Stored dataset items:
"""
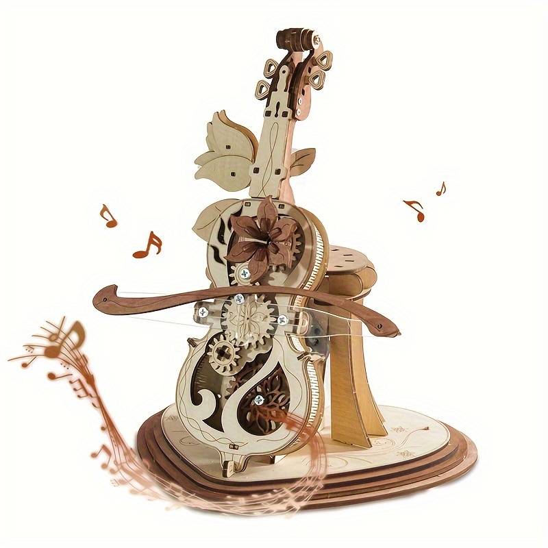 DIY 3D Wooden Cello Music Box Model Kit - Mechanical Hand Crank Musical Craft Se Main Material:Wood Applicable Age Group:14+ Color:Mixed Color Item ID:BQ147325
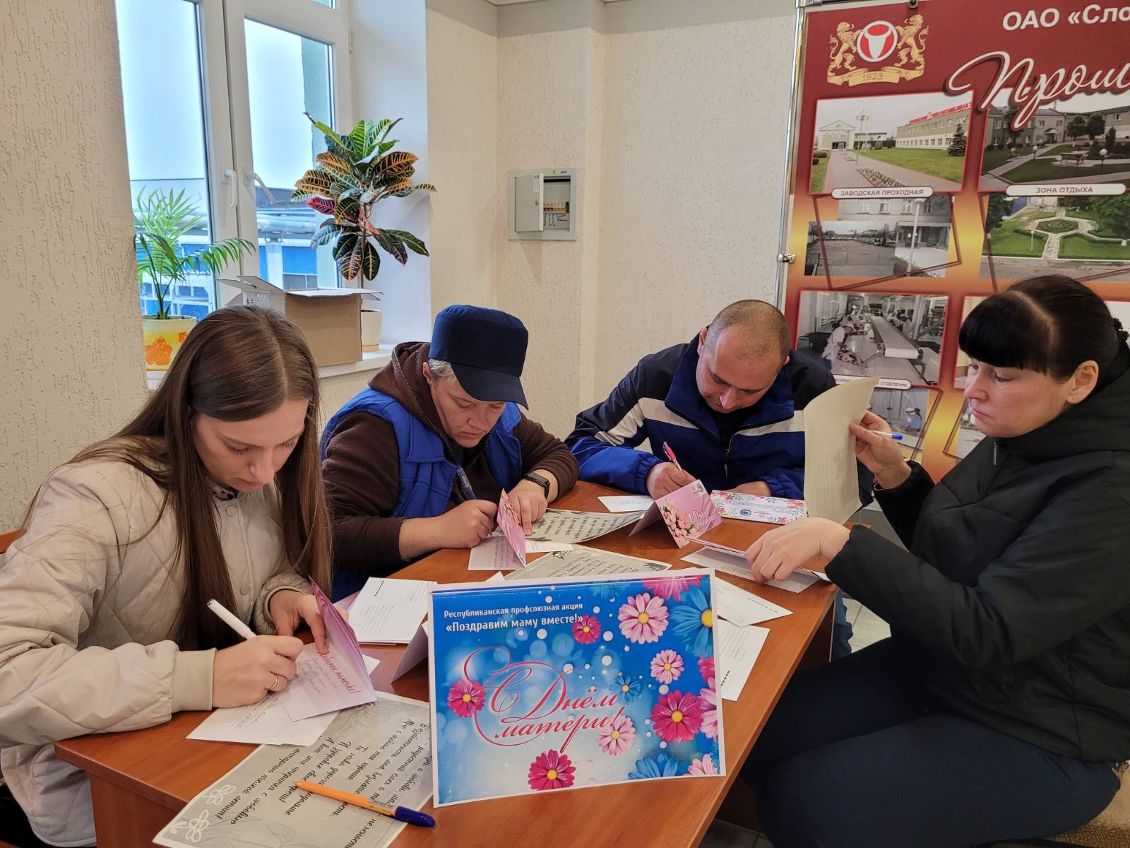 Трепетный праздник и люди с удовольствием приходят, чтобы поздравить своих мам с праздником. А первичная профсоюзная организация ОАО "Слонимский мясокомбинат" позаботилась о красочных открытках, на которых можно написать самые важные и главные слова своей маме и отправить их совершенно бесплатно.
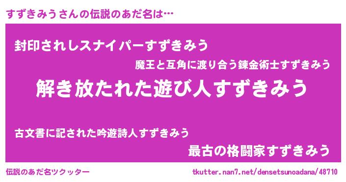 | ヒーロー風カッコイイあだ名 | 『幻影騎士スズ』『仮面スズダー』 |
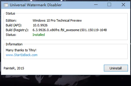 Universal Watermark Disabler 完成操作后会提醒你即将进行注销工作,所以你最好是保存手头上的工作和进程。注销后再次运行 Universal Watermark Disabler 就会显示已经安装了的状态,如果想要恢复水印的话点击「Uninstall」按钮就可以了。
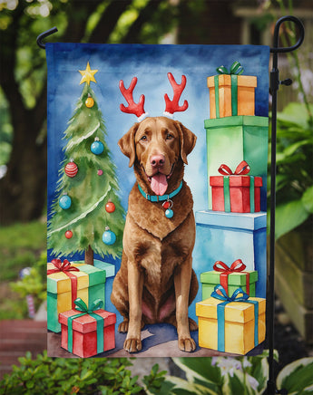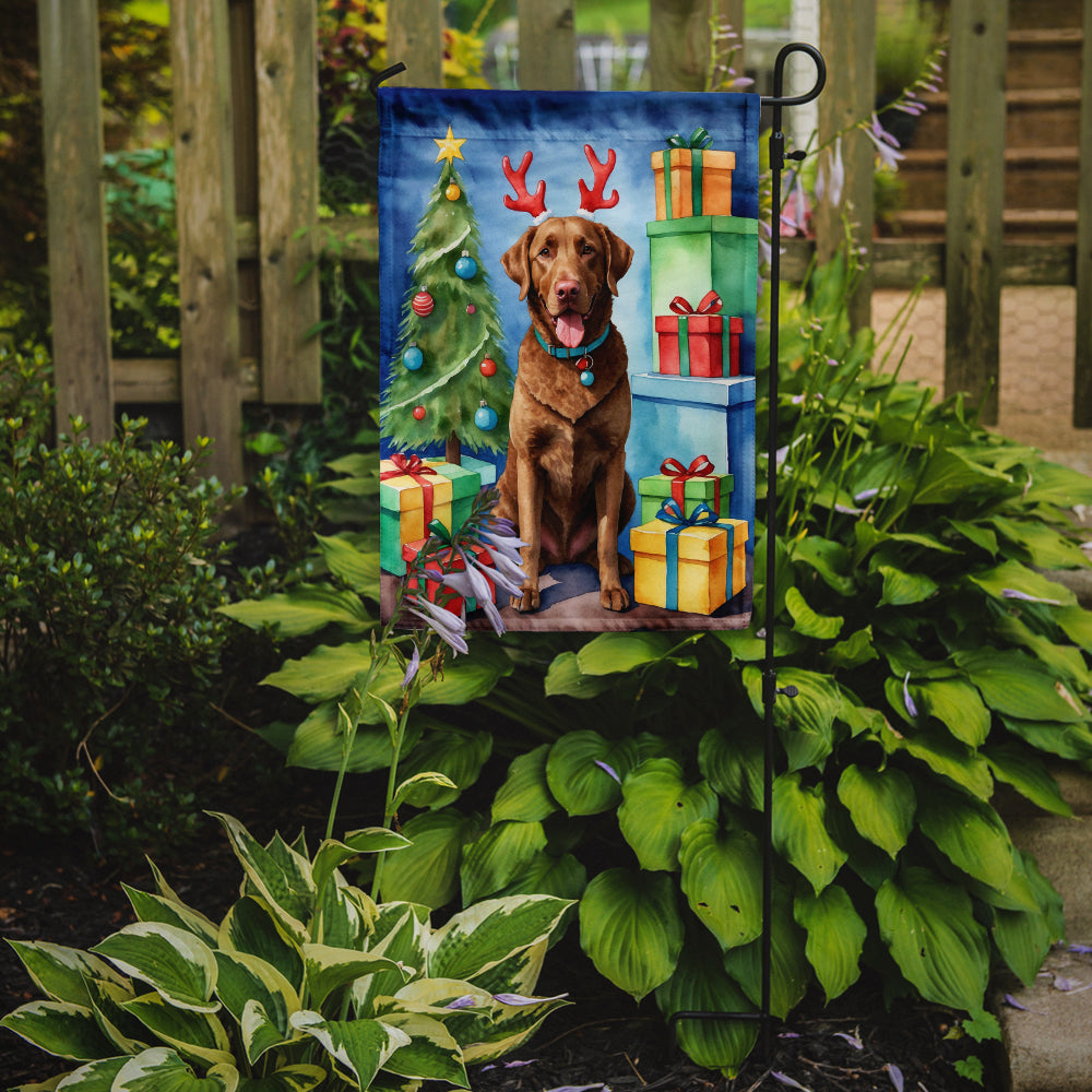 Garden Flag featuring breed specific Chesapeake Bay Retriever artwork. Celebrate Christmas with this Christmas Garden Flag. Enhance the beauty of your garden, patio, or yard with Caroline's Treasures Decorative Garden Flag, proudly made in the USA. Crafted from two pieces of thick, double-sided polyester fabric, this 2-ply garden flag is designed to withstand various weather conditions, making it water-resistant and weatherproof. Featuring correctly readable words on both sides, this garden flag offers a delightful visual experience from any angle. With its heavier weight, it stands out among other garden flags, ensuring stability and durability even in wind, rain, and snow. Measuring approximately 11 1/4 inches by 15 1/2 inches, this flag allows you to personalize your outdoor decor. It comes with a 1 1/2-inch sleeve sewn in, allowing easy attachment to any standard garden flag stand or garden size porch hanger (sold separately). Make a statement in your outdoor space with Caroline's Treasures Decorative Garden Flag, a vibrant and high-quality flag that adds color and personality to your surroundings. Proudly made in the USA, it's a symbol of quality craftsmanship and attention to detail.
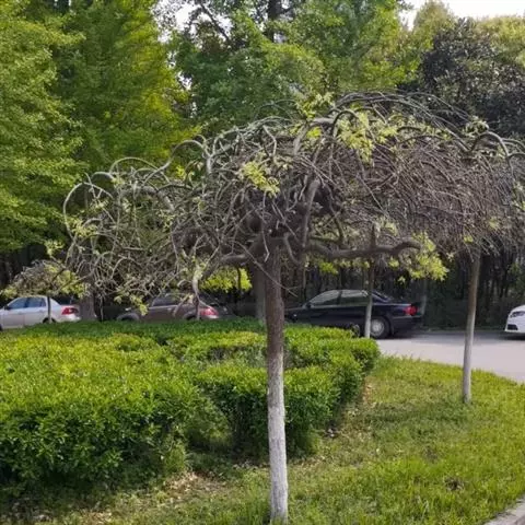 该种的树干相对较短,而且多呈扭曲状,小枝具有卷曲而下垂的特点,整体上看树形较美,在北方绿化中被广为应用,是北方地区比较流行的园林风景树。
"""
WORK REQUEST: All that should be printed is the run of lines above from the one with "Трепетный праздник и" through the one with "Watermark Disabler 就会显示已经安装了的状态,如果想要恢复水印的话点击「Uninstall」按钮就可以了。", both included, exactly as given, with pictures left out.

EXERCISE ANSWER:
 Трепетный праздник и люди с удовольствием приходят, чтобы поздравить своих мам с праздником. А первичная профсоюзная организация ОАО "Слонимский мясокомбинат" позаботилась о красочных открытках, на которых можно написать самые важные и главные слова своей маме и отправить их совершенно бесплатно.
 | ヒーロー風カッコイイあだ名 | 『幻影騎士スズ』『仮面スズダー』 |
 Universal Watermark Disabler 完成操作后会提醒你即将进行注销工作,所以你最好是保存手头上的工作和进程。注销后再次运行 Universal Watermark Disabler 就会显示已经安装了的状态,如果想要恢复水印的话点击「Uninstall」按钮就可以了。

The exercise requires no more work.